A mother who barely spoke after the funeral. I watched him stretch every muscle, take up a night-shift security job on top of working days at a warehouse and doing weekend deliveries. And all this time, he still showed up with a smile for our Tuesday night biryani tradition.
Still kissed my forehead before collapsing into sleep. So when I saw his cough get deeper and the dark circles settle in like bruises, I knew he wouldn’t stop for himself. But maybe he would stop for me—if I gave him a reason.
See, what he didn’t know is that I’d been working too—quietly tutoring online, selling crafts on Etsy, even running a tiny food page on Instagram that surprisingly took off. I didn’t want him to know. I wanted it to be a gift.
Not just money. A future. The thing is, he’s been dreaming of that apartment forever.
A small, one-bedroom on the outskirts of Toronto, where the rent would be cheaper. He pictured a little balcony garden. Room for his mom when she visits.

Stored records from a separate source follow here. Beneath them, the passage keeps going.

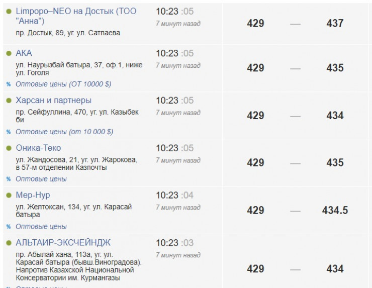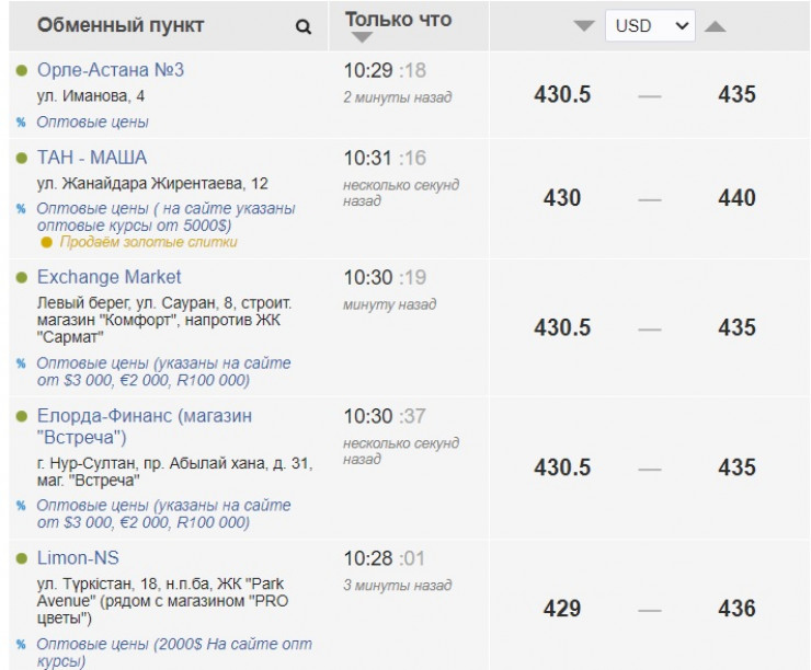 По данным Kurs.kz, обменники Алматы покупают доллары по 425-429 тенге, продают – по 432-437 тенге.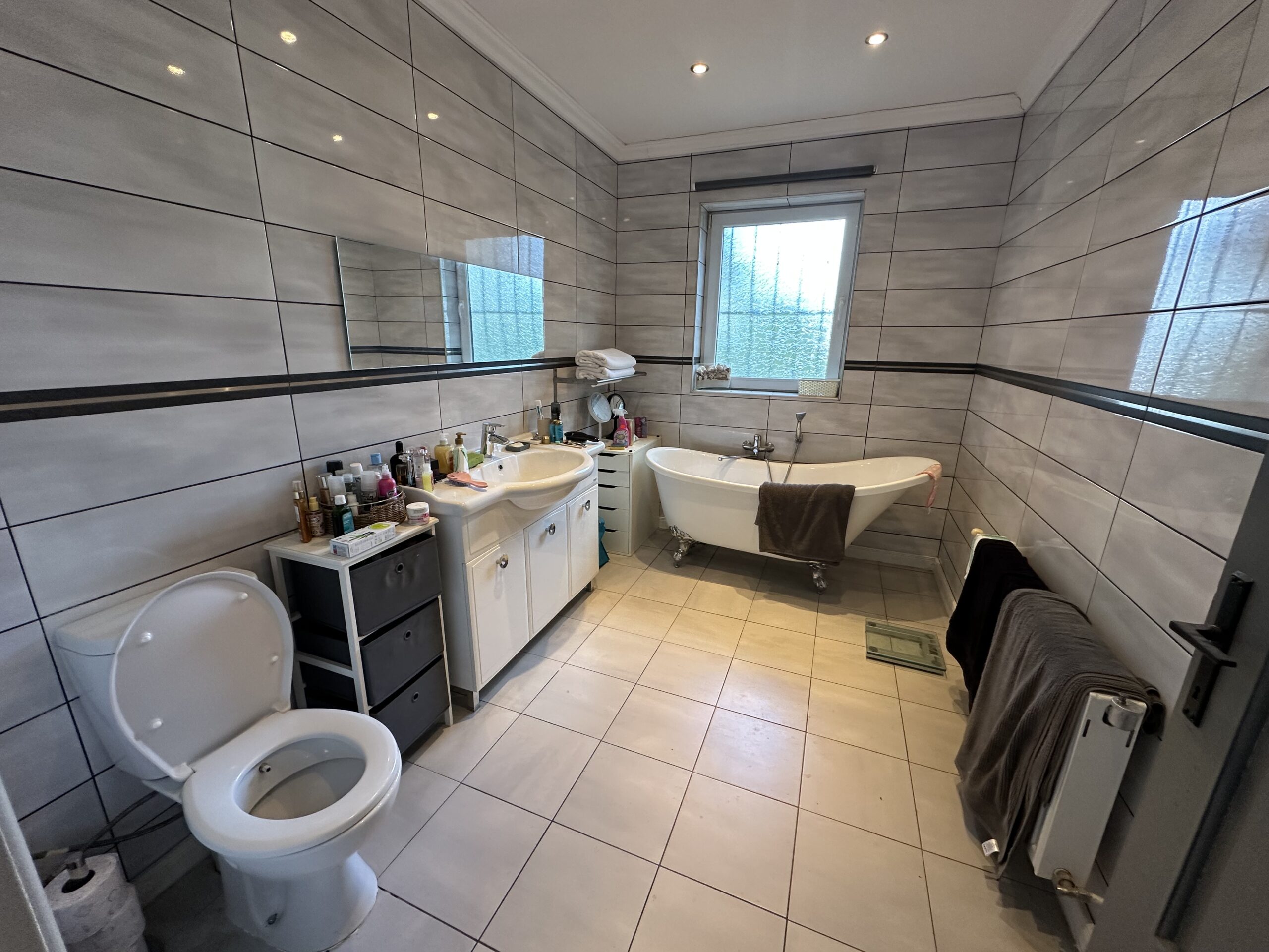 โข Two elegant bathrooms, one with a Victorian freestanding bath ๐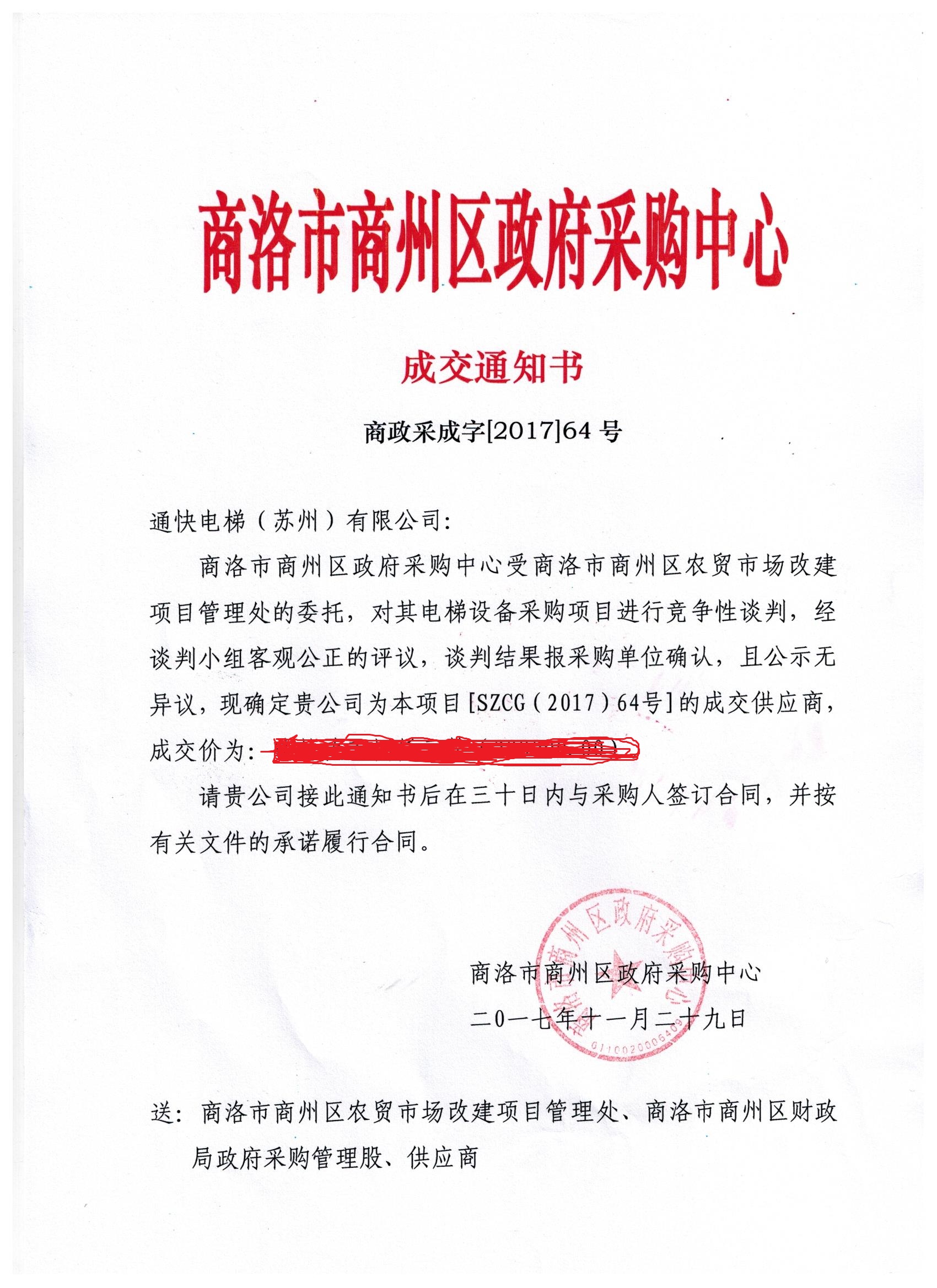 商洛市商州區(qū)農(nóng)貿(mào)市場(chǎng)改建項(xiàng)目管理處電梯中標(biāo)

But I could see further than that. We’re not rich, and we don’t come from families with trust funds or safety nets. We come from hard-working, proud people who lived paycheck to paycheck and always gave what little they had.
But I wanted to break that cycle. So for nearly four years, I matched him silently. Not dollar for dollar—but effort for effort.
When he put in six hours of overtime, I stayed up late finishing custom crochet orders. When he skipped dinner to make a late delivery, I skipped UberEats and cooked from scratch, putting the leftover cash in my secret high-interest savings account. By this spring, I’d saved just over $210k.
I was going to surprise him. I had it all planned out. Until two weeks ago, when something shifted.
He came home, quiet, not tired—just hollow. Sat on the edge of the bed and told me something had happened. He didn’t lose his job, but they cut his hours.
His part-time contract at the warehouse expired and they weren’t renewing. Then he told me the $250k wasn’t $250k anymore. He’d loaned $70k to a cousin.
Said he needed it for a “business emergency” and promised to pay it back within three months. No paperwork. Just a handshake and family honor.
I lost it. Not screaming. Not blaming.
I just sat there in stunned silence. He looked up like he expected me to tell him it was okay. That it was the right thing to do.
And it probably was the right thing. Morally. Ethically.
If you think from the heart. But from the head? It was reckless.